Two days later he’s walking home from band practice. His head is full of the marching rhythms he’s been practising, but mixed in with them are greasy rock and roll, doo wop and, of course, Varese. He takes the long way home, goes right to the far edge of town, this town which is all edge and no centre, and just as he’s deciding he can’t delay his return any longer he sees a car stopped up ahead with the hood raised and someone peering into the engine. He doesn’t recognize the car, not even the model, it must be some sort of European job; and then he sees, no, it can’t be, he’s never been that lucky, there’s a woman peering helplessly under the hood. Then he sees she’s the one he smiled at in the hi-fi store. This is fantastic. This is fate.
‘Car trouble?’ he asks.
‘Looks like it,’ she says.
‘I don’t know much about cars,’ Frank says, ‘but I’d be happy to take a look.’
And now she does smile at him, the full-strength version, as though someone’s turned on a spotlight and shone it right into Frank’s eyes. ‘Thanks.’ Frank looks under the hood and sees that one of the sparkplug leads is loose. It all seems too easy, too good to be true, but he connects the lead and feels very proud of himself.
‘You’re brilliant,’ she says. ‘My name’s Jenny Slade, by the way. You’re Frank, aren’t you?’
‘Well yes, but …’
‘I was just driving around,’ says Jenny. ‘Need a ride?’
Oh boy.

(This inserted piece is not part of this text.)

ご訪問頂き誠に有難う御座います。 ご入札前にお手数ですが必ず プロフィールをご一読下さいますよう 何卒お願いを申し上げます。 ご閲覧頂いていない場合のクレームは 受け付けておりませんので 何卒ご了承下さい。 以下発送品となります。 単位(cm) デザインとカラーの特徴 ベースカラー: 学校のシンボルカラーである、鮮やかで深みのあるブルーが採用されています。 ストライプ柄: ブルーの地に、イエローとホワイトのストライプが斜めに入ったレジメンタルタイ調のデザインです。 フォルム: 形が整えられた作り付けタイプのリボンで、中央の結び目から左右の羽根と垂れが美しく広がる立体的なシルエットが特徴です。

Frank gets in beside her and she sets the car in motion, finds some so-so jazz on the car radio and drives with one hand, looking so good, so sexy, so cool. Frank tries hard to imitate her.

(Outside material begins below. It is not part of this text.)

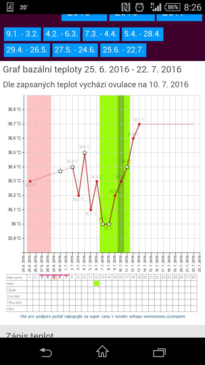 @kchan V tom prvom grafe si si zaznačovala teplotu a tam naspodku máš rátane dni cyklu od dňa 1, kdežto pri druhom grafe nemáš rátané dni cyklu, ale kalendárne dni, asi preto ťa to mýli... ovulku si teda mala podľa mojích vápočtov 14ty deň cyklu, čo je 8.7. podľa kalendára..

‘That was a great record you left behind,’ he says.
‘I’m glad you liked it. I knew you would.’
‘Yeah?’
‘What are you planning to do when you grow up, Frank?’
He doesn’t like the tone of that question at all. It suggests that she doesn’t think he’s an equal, that she’s the adult and he’s just a kid.
‘I’d like to be a musician, but I know it’s a tough business. ‘You want some advice?’ she asks.
Frank is not normally given to listening to advice, especially not from the likes of his dad or his teachers, but this woman isn’t quite like them.
‘Well, I don’t mind hearing it, just so long as I don’t have to take it.’
She grins. That’s fine. That’s her boy.